Bitsight’a göre, artan ulusal güvenlik endişelerine ve hükümet kısıtlamalarına rağmen, Çin askeri bağlantılı şirketler ABD dijital tedarik zincirine derinden gömülü.
Birçoğu ABD Savunma Bakanlığı tarafından “Çin askeri şirketleri” olarak belirlenen bu kuruluşlar, ABD işletmelerini ve kritik endüstrileri potansiyel siber güvenlik tehditlerine maruz bırakarak temel dijital altyapı sağlamaya devam ediyor.
BYTEDANCE Group (Tiktok’un ana şirketi) sadece ABD pazarının% 35,4’üne bağlıdır ve potansiyel yasaklarla karşılaşan yüksek profilli şirketlerin bile yaygın olarak nasıl kullanıldığını göstermektedir.
Bu sağlayıcılara devam eden güven, dijital tedarik zincirini yabancı hükümet etkisine karşı güvence altına alma zorluğunun altını çizmektedir. Artan inceleme ve düzenleyici çabalarla bile, Çin devletine bağlı firmalar ABD endüstrilerinde önemli bir dayanak sürüyor, bu da kuruluşların satıcı ilişkilerini değerlendirmelerini ve potansiyel riskleri azaltmalarını kritik hale getiriyor.
Daha küçük yazılım sağlayıcıları endüstri risklerini artırır
“Big Tech” şirketleri tedarik zinciri güvenlik tartışmalarına hükmederken, daha küçük özel yazılım sağlayıcıları sektörler ve endüstriler için de önemli risk oluşturabilir.
Bazı niş sağlayıcılar sadece bir avuç şirkete hizmet vermektedir, ancak enerji, finans ve lojistik gibi sektörlerde büyük pazar payını desteklemektedir. En kritik yazılım ve altyapı sağlayıcılarından bazıları 50’den az çalışanla faaliyet göstermektedir, ancak teknolojileri Fortune 500 şirketlerine ve küresel işletmelere yerleştirilmiştir.

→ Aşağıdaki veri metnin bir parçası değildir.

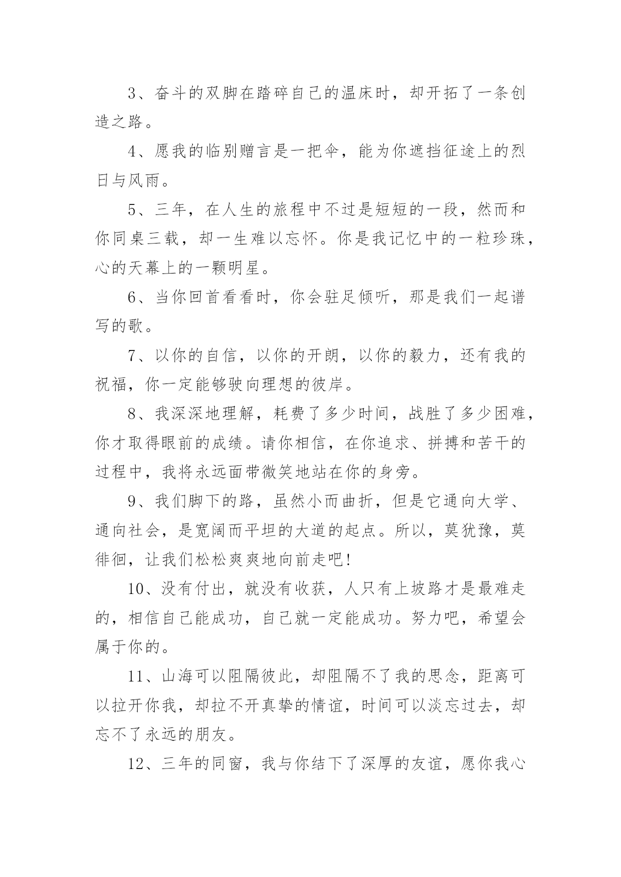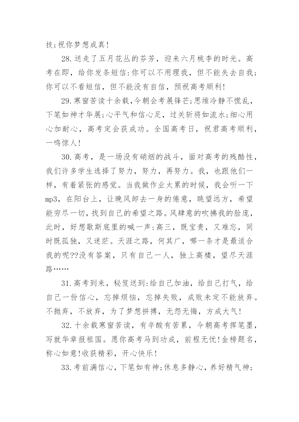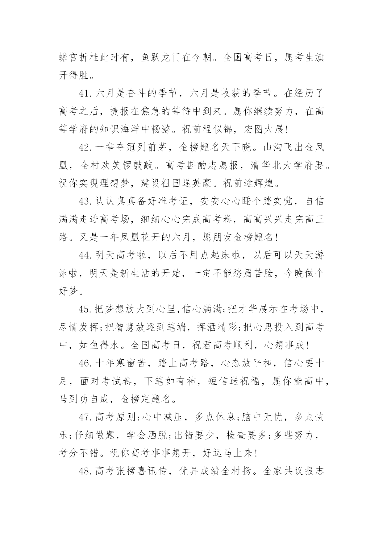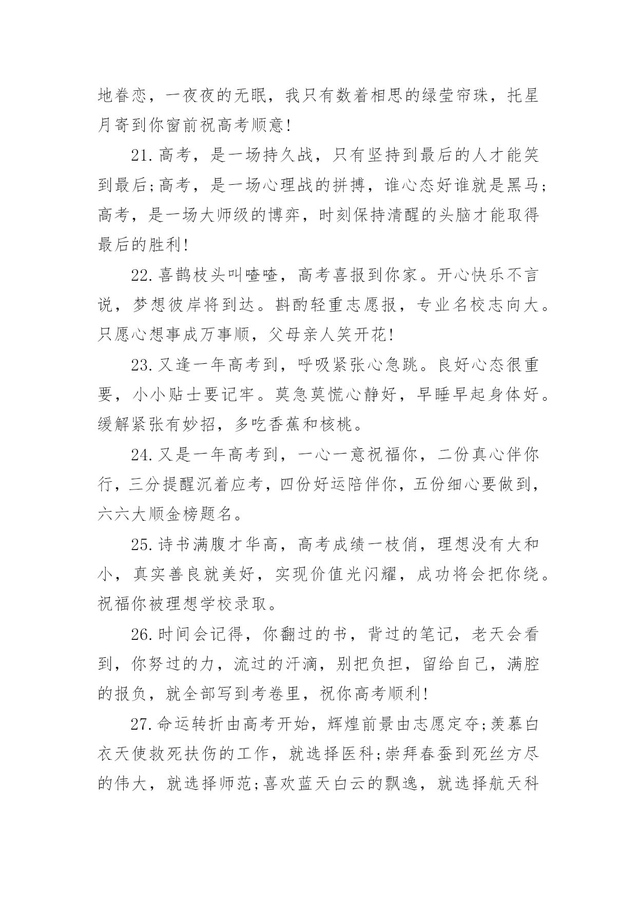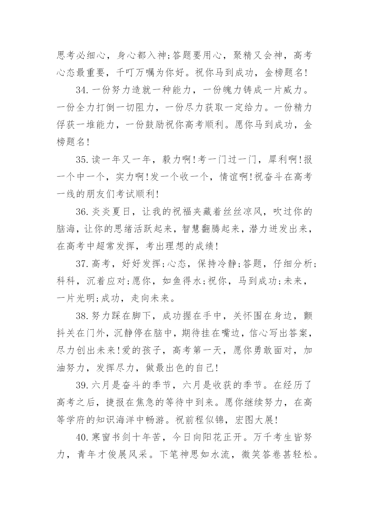 高考家长祝福语无论是身处学校还是步入社会,大家一定都接触过祝福语吧,祝福语往往灵活机动,可以随机应变。你会写祝福语吗?以下是小编精心整理的高考家长祝福语,希望对大家有所帮助。高考家长祝福语11.健康身体是高考成功的基础,良好学风是高考成功的条件,勤奋刻苦是高考成功的前提,学习方法是高考成功的关键,心理素质是高考成功的保证,祝广大考生在奔放的六月,考出水平,超常发挥,成就未来。2.举国上下,千里高考,万里高考。望课室内外,人头涌涌;宿舍上下,皆谈高考。十年寒窗,月月烧香,今日亮枪,祝你马到成功一锤定音为祖上争光!3.什么是黑暗,什么是光明,即便把自己从混沌的黑暗中解脱出来了,但等待我们的仍然是一片空白,就像高考,就像混乱的爱情。4.苦读寒窗十载,耗费爸妈心血。天下父母心愿,望子成龙飞腾。养精蓄锐待今,出手冲刺高考。展现真才实学,佳绩定能胜出。爸妈您别忧愁,金榜题名报喜。5.十年寒窗为今朝,临危不惧迎高考;十年艰辛来苦读,只为今朝收获足,十年磨剑剑更锋,考场之上逞英雄;十年辛苦十年盼,更为人生立宏愿。祝莘莘学子高考顺意!6.你就要高考了,我在百度搜出千百条祝福语,在搜狗找到无数句吉祥话,但我觉得都太俗。我只想真诚地对你说:得心应手高考顺利,十年努力今日成功!7.给你一份信心,送你一份决心,要对自己放心,面对考题平常心,要把自己关心,注意考前身心,考试保证全心全意!高考考试,祝你成功!8.书海搏击数十载,今朝考场显英豪。气定神闲来答题,才思泉涌智慧高。大笔挥就锦绣文,难题纷纷都溃逃。自信万千出考场,蟾宫折桂正美好。全国高考日,愿你胜利归来。9.高考的心态:悲观的看待成功,乐观的看待失败。人生路上波折多,谁也预料不到会发生什么。保持良好的心态,轻松的对待,成功之门便会为你打开。10.平常心态,沉着应战,看淡成败,积极乐观,努力进取,自信满满,祝福你:高考高中,金榜题名。出人头地,一鸣惊人!11.高考高考,心态要好,保持冷静,基础打好,莫要烦躁,开开心心,早睡早起,精神十足,考上大学,实现梦想,相信自己,一定最好。12.王女士是个上进心很强的女士,女儿上高中后,她就让丈夫李先生全职照料女儿的学习生活,王女士说:女儿考不上名牌,你要付全责,我会考虑和你离婚。以致女儿高考时,李先生紧张的天天失眠!13.攀登书山游书海,始终如一好儿郎。十年一日重积累,厚积薄发征考场。挥斥方遒书才思,指点江山生光辉。扬帆直取成功路,折取桂冠添锦绣。全国高考日,愿学子胜利而归。14.奋斗在高考一线,埋头在书本之间,实力在清华上限,底线在北大保研,只要你能坚定信念,金榜题名只在弹指之间,愿你马到成功梦想实现!15.寒窗苦读,只为一刻,高考在即,不要着急,面对答卷,挥笔有神,轻轻松松,努力学习,终有回报,短信祝愿,实现理想,考上大学,开开心心。16.挥一挥手,送你先走,我的潇洒微笑,但愿你永远记住。高考如期而至,希望你我高中,相约在理想的学校里再见!17.人的天分无法选择,但可以选择用勤奋去弥补它;人的出身无法选择,但可以选择用高考去改变它。高考只有一次,全力拼搏,考出精彩,做最好的自己!18.马上就要进入高三,心里总不平静,遥想一年以后的高考,不由得有些胆怯。毕竟在求学路上奔波了十多年,望窗外落叶纷飞,听室内书声朗朗,曾经的豪情与壮志都不翼而飞,当年的励志誓言都烟消云散,随之而来的是紧张和压抑。闭上双眼,未来的景象在脑海一晃而过。19.我知道,高考的日子里,虽然清苦,却很充实。只希望你在记住课本的同时不要忘了我,我会在你背后默默的为你祝福,默默的等待你的佳音!20.想说爱你,感觉太沉;想说喜欢,感觉太轻;一天天地眷恋,一夜夜的无眠,我只有数着相思的绿莹帘珠,托星月寄到你窗前祝高考顺意!21.高考,是一场持久战,只有坚持到最后的人才能笑到最后;高考,是一场心理战的拼搏,谁心态好谁就是黑马;高考,是一场大师级的博弈,时刻保持清醒的头脑才能取得最后的胜利!22.喜鹊枝头叫喳喳,高考喜报到你家。开心快乐不言说,梦想彼岸将到达。斟酌轻重志愿报,专业名校志向大。只愿心想事成万事顺,父母亲人笑开花!23.又逢一年高考到,呼吸紧张心急跳。良好心态很重要,小小贴士要记牢。莫急莫慌心静好,早睡早起身体好。缓解紧张有妙招,多吃香蕉和核桃。24.又是一年高考到,一心一意祝福你,二份真心伴你行,三分提醒沉着应考,四份好运陪伴你,五份细心要做到,六六大顺金榜题名。25.诗书满腹才华高,高考成绩一枝俏,理想没有大和小,真实善良就美好,实现价值光闪耀,成功将会把你绕。祝福你被理想学校录取。26.时间会记得,你翻过的书,背过的笔记,老天会看到,你努过的力,流过的汗滴,别把负担,留给自己,满腔的报负,就全部写到考卷里,祝你高考顺利!27.命运转折由高考开始,辉煌前景由志愿定夺;羡慕白衣天使救死扶

Havacılık, kamu hizmetleri ve finansal hizmetler büyük ölçüde sadece birkaç özel sağlayıcıya dayanmaktadır. Bu şirketlerden birinde bir güvenlik başarısızlığı, endüstriler içinde ve arasında basamaklı etkileri tetikleyebilir.
Sağlayıcılar artan siber güvenlik zorluklarıyla karşı karşıya
Sağlayıcılar olarak bilinen dijital ürün ve hizmetler sağlayan kuruluşlar, hizmet ettikleri işletmelerden çok daha büyük siber güvenlik zorluklarıyla karşı karşıya. Daha büyük saldırı yüzeyleri, daha karmaşık satıcı ilişkileri ve artan risk maruziyeti ile sağlayıcılar kendi ekosistemlerini güvence altına almak için daha güçlü önlemler almalıdır.
Sağlayıcılar 2,5 kat daha fazla ürün kullanıyor ve tüketicilerden 10 kat daha fazla internete dönük varlığa sahip ve bu da onları siber tehditlere daha fazla maruz bırakıyor. Sağlayıcılar, riske maruz kalmasını artıran ve bunları daha karmaşık hale getirebilen çoklu alt sağlayıcılara bağlıdır.
Sağlayıcılar, DMARC, SPF, DKIM ve DNSSEC dahil olmak üzere altı güvenlik standartlarından dördünde tüketicilerden daha iyi performans gösterirken, yama yönetimi, açık portlar, güvensiz sistemler ve botnet enfeksiyonları gibi alanlarda geride kalırlar.
Bitsight baş araştırma bilimcisi Ben Edwards, “Geçen yıl boyunca, dijital tedarik zincirindeki olayların küresel ekonomi genelinde nasıl büyük bir dalgalanma etkisine sahip olabileceğini vurgulayan son derece görünür güvenlik olayları gördük” dedi. “Güvenlik bilincine sahip şirketler bile tedarik zincirlerindeki zayıflıklara karşı savunmasızdır. Kuruluşlar, üçüncü taraf satıcılarını ve tedarikçilerini sürekli olarak değerlendirmeli ve güvenlik boşluklarını kapatmak için proaktif olarak çalışmalıdır.”
Rapor, 61 milyondan fazla dijital tedarik zinciri ilişkisinin 500.000 kuruluşunun, 40.000 ürün ve 12.000 sağlayıcının analizine dayanmaktadır.